Mesh and Nodal analysis are just algorithms to solve circuits using KCL/KVL. I think teaching wise, its helpful early on to help build some intuition. Supermesh type stuff are just little tricks to help solve problems. I don't even remember exactly what they entail.

After that first half of Circuits I, I've just set up the KVL/KCL equations I needed to solve for the specific thing I'm looking for. Do emphasize techniques like source transformations and especially the current/voltage divider formulas. I use things like that all the time when looking at circuits without having to set up a whole system.

I'm a KVL guy, I always messed up signs when do node equations
 



I understand your skepticism towards using mesh analysis in electrical engineering. However, I would like to offer some insight on why it is still a valuable tool to learn and use in problem-solving.

Firstly, while it may seem like mesh analysis is just a variation of Kirchhoff's laws, it actually offers a more systematic and organized approach to circuit analysis. By dividing the circuit into smaller loops or meshes, we can easily apply Kirchhoff's voltage law to each loop and then use the resulting equations to solve for unknown currents or voltages. This can be especially helpful in more complex circuits where using Kirchhoff's laws alone may become cumbersome and prone to errors.

Additionally, mesh analysis allows for the use of superposition, which is a powerful technique for analyzing circuits with multiple sources.
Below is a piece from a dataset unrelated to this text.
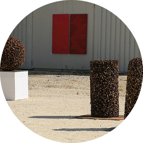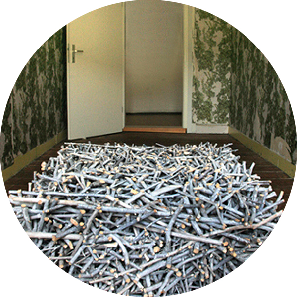 Lied-OBNN-07 Reisig, Stahl, je 28 x 28 x 12 cm, 2007 Lied OKDQ I bis III-07 L-OOUA-05 Reisig, Stahl, Holz, Farbe, 89 x 89 x 35cm, 2005 L-OKUH-07 I-III Reisig, Stahl, Holz, Farbe, 18 x 34 cm L-OORT-07 o. Afrika 1 Reisig, Stahl, 76 x 30 x 33 cm, 2007 Lied-OHCS07 69 x 44 x 33 cm, 2007 L-OUGE-04, L-OAGL-05, L-OHUZ-07 links: L-OUGE-04, 2004, Reisig und Stahl, 80cm Durchmesser, Mitte: L-OAGL-05, Reisig, Stahl, 102 x 52cm, rechts: L-OHUZ-07, Reisig und Stahl, 109 x 52cm

By breaking down the circuit into individual meshes, we can apply the principle of superposition to determine the contribution of each source separately and then combine them to get the overall solution.

Furthermore, mesh analysis is not just about reducing algebraic complexity. It also helps in visualizing and understanding the flow of current in a circuit. By identifying and labeling individual meshes, we can easily track the direction and magnitude of current in each loop, leading to a better understanding of the circuit's behavior.

In conclusion, while it may seem like mesh analysis is just a memorization of procedures, it offers a more systematic and efficient way of solving complex circuits. It also allows for the use of superposition and provides a better understanding of current flow. Therefore, I would highly recommend incorporating mesh analysis into your teaching of electrical engineering.